Tous deux quittent le Danemark pour Paris en 1912, en espérant y vivre plus librement. Gerda se fait un nom grâce à ses illustrations sensuelles, érotiques, provocatrices, révélant souvent une belle et mystérieuse créature…. En 1930, Lili se rend en Allemagne pour son opération. Mais les dangers de la chirurgie étant alors très élevés, elle meurt un an plus tard après cinq interventions et un rejet de greffe d’utérus.
Eddie Redmayne (photo) se glisse avec talent dans la peau du personnage. On pourrait lui reprocher une gestuelle maniérée et une affectation excessive, si ses minauderies ne cachaient pas avec justesse la gêne et le malaise d’une identité sexuelle ardemment souhaitée mais aussi difficile à investir pleinement qu’à assumer, surtout en public. Nominé, le comédien vise l’Oscar du meilleur acteur, tandis que l’émouvante Suédoise Alicia Vikander, alias Gerda, prétend au second rôle féminin.

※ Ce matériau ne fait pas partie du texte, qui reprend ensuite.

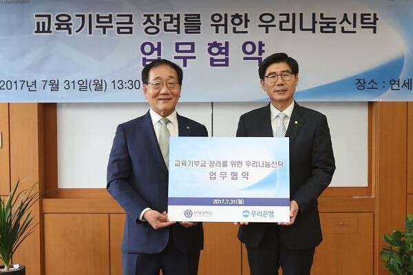 이날 협약은 교육 기부금 장려를 통한 나눔문화 확산을 위해 양 기관이 상호협력하기 위해 마련됐다. 협약에 따라 우리은행은 교육 기부금을 연세대에 기부할 수 있는 우리나눔신탁 상품을 기부자에게 제공하고, 연세대는 기부 희망자들을 우리은행에 추천해 우리나눔신탁 상품을 통해 기부할 수 있도록 협력하기로 했다.

En lice pour deux autres statuettes, Tom Hooper s’est inspiré du récit romancé de David Ebershoff et de la réalité pour raconter cette histoire d’amour liée à la quête irrépressible d'un homme d’être une autre. A voir pour ce fait hors du commun, même si la joliesse, le chic et le classique de la mise en scène ne soient pas vraiment à la hauteur de la gravité du sujet.A l’instar du traitement, certes sérieux et sans esbroufe mais qui, tendant à gommer la violence d’un parcours qu’on imagine tragique, confine parfois à la mièvrerie en dépit de son côté poignant. Comme si le réalisateur se retenait, de crainte de déplaire ou de choquer. Voilà qui n’a pas empêché le Qatar d’interdire le film, ridiculement qualifié de "dépravé".
A l'affiche dans les salles de Suisse romande dès mercredi 20 janvier.